Bisnis.com, JAKARTA - Goldman Sachs Group Inc. memproyeksikan pinjaman Dewan Kerjasama Teluk dapat turun menjadi US$10 miliar selama tiga tahun ke depan dari sekitar US$270 miliar, jika harga minyak terus naik.
Melansir Bloomberg jika harga komoditas rata-rata US$65 per barel, kebutuhan pinjaman untuk enam negara yang termasuk dalam dewan akan turun 96 persen dari harga jika minyak diperdagangkan pada US$45.
Ekonom Goldman Sachs Farouk Soussa mengatakan harga minyak telah reli hampir 80 persen sejak awal November menjadi sekitar US$70 per barel karena negara-negara ekonomi utama meluncurkan vaksin virus Corona dan OPEC, yang didominasi oleh anggota GCC Arab Saudi menerapkan pemotongan produksi yang dalam.
Goldman menyebut rata-rata yang diperlukan untuk menyeimbangkan rekening giro anggota GCC relatif lebih rendah pada US$5O per barel. Kondisi tersebut memberikan kenyamanan terkait prospek eksternal dan ketahanan pasak mata uang, bahkan jika harga turun dari level saat ini.
"Implikasi untuk neraca negara, kelayakan kredit dan pasar utang akan signifikan," menurut Soussa.

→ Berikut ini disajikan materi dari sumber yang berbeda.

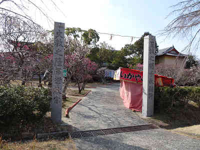 紅白の梅を眺め、梅林の先にこれから登る天神山を眺めて防府天満宮へ参拝。防府天満宮は全国約12000社ある天満宮の中でも最古の天満宮「扶桑菅廟最初」である。道真公が太宰府に流される際、本州最後の寄港地がこの勝間の浦で、「此の地未だ帝土を離れず 願わくは居をこの所に占めん」と願われて太宰府へ向かわれた。
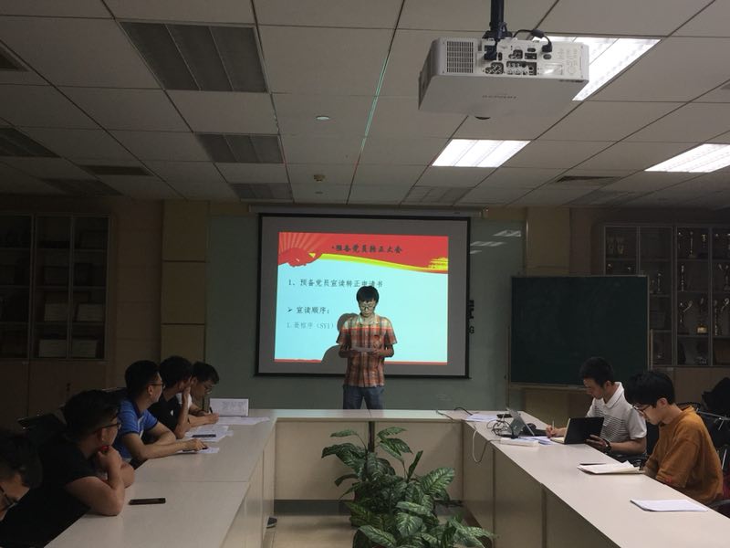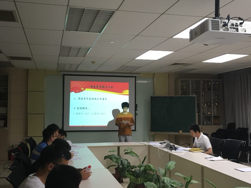 会议由党支部书记范镕韬主持,与会的正式党员13名。首先全体党员起立奏唱国际歌,然后由申请转正的预备党员聂榕序同志宣读自己的转正申请,详细汇报了自己在预备期间的表现,表达了入党的志愿和决心,并对自己在思想、学习和工作上的进步与不足做了认真的总结。聂榕序同志的入党介绍人吕甘霖同志对他预备期一年的思想、学习、工作和生活等各方面表现进行总结评价。接着其他党员纷纷发表意见,肯定了聂榕序同志过去一年所取得的成绩以及思想和工作上的进步。接下来,预备党员郭帅同志宣读了自己的转正申请,汇报了自己在预备期间的表现,表达了入党的志愿和决心,并总结了自己预备党员期间在工作和思想上取得的进步。郭帅同志的入党介绍人范镕韬同志对郭帅同志预备期一年的思想、学习、工作和生活等各方面表现进行总结评价。最后全体与会党员进行了投票表决,一致同意聂榕序同志和郭帅同志按期转为正式党员。
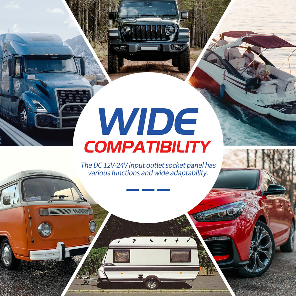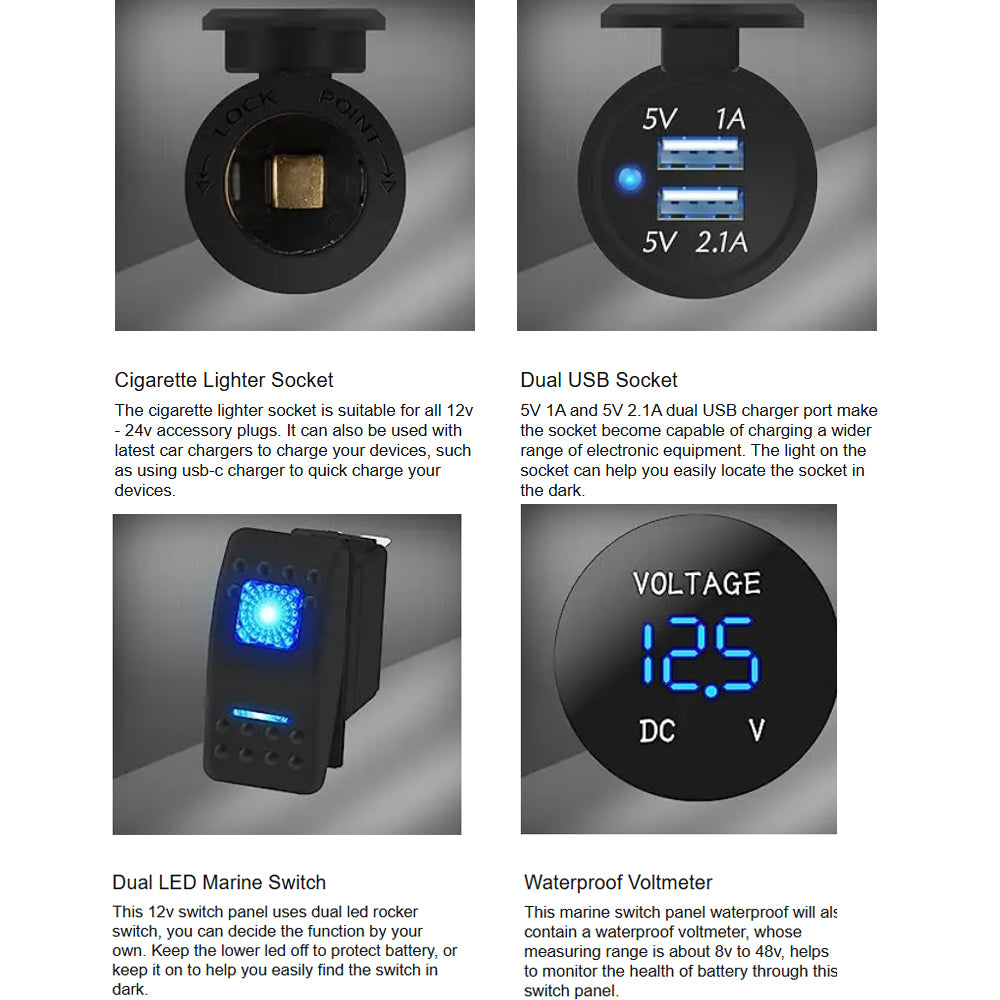 *【Wide Compatibility】 - The DC 12V-24V input outlet socket panel has various functions and wide adaptability. As for the 5-gang blue lighted rocker switches, can be used to control the headlamp, taillight, air refrigerator, heated blanket on marine, boats, yachts, RVs, cars, trucks, trailer, buses, jeeps, UTV, etc. The USB charger socket is suitable for mobile phones, tablets, MP3, DV, etc. Of course the cigarette lighter could be used to supply power for car vacuum cleaner, car navigation, car multifunction adapter, etc.

Kendati begitu, dia menyoroti kemungkinan bahwa beberapa ruang fiskal yang disediakan oleh harga minyak yang lebih tinggi kemungkinan besar akan terhapus oleh pengaturan.
Baca Juga
Adapun negara-negara teluk mengumpulkan sekitar US$ 63 miliar obligasi dan sukuk tahun lalu.
Selain itu, Kuwait kemungkinan mengalami peningkatan terbesar dalam keseimbangan anggarannya dari tingkat minyak yang tinggi, dengan kekurangannya menyempit sekitar 15 poin dari produk domestik bruto tahun ini.
Namun, pemerintah menghadapi tekanan likuiditas yang tidak dapat diatasi hanya dengan harga minyak yang lebih tinggi.
Selama tiga tahun ke depan, utang bersih Arab Saudi terlihat naik ke tingkat yang masih dapat dikelola pada 38 persen dari PDB.
Adapun, neraca fiskal Qatar terlihat membaik dari defisit 5 persen menjadi surplus 5 persen dari PDB.
Oman dan Bahrain mungkin akan mendapatkan keuntungan terbesar dari harga minyak yang lebih tinggi, mengingat posisi eksternal dan fiskal mereka yang lebih lemah.
Negara-negara lain di kawasan ini terlihat mengalami peningkatan yang lebih sederhana antara 2-4 poin persentase dari PDB dibandingkan dengan penganggaran resmi.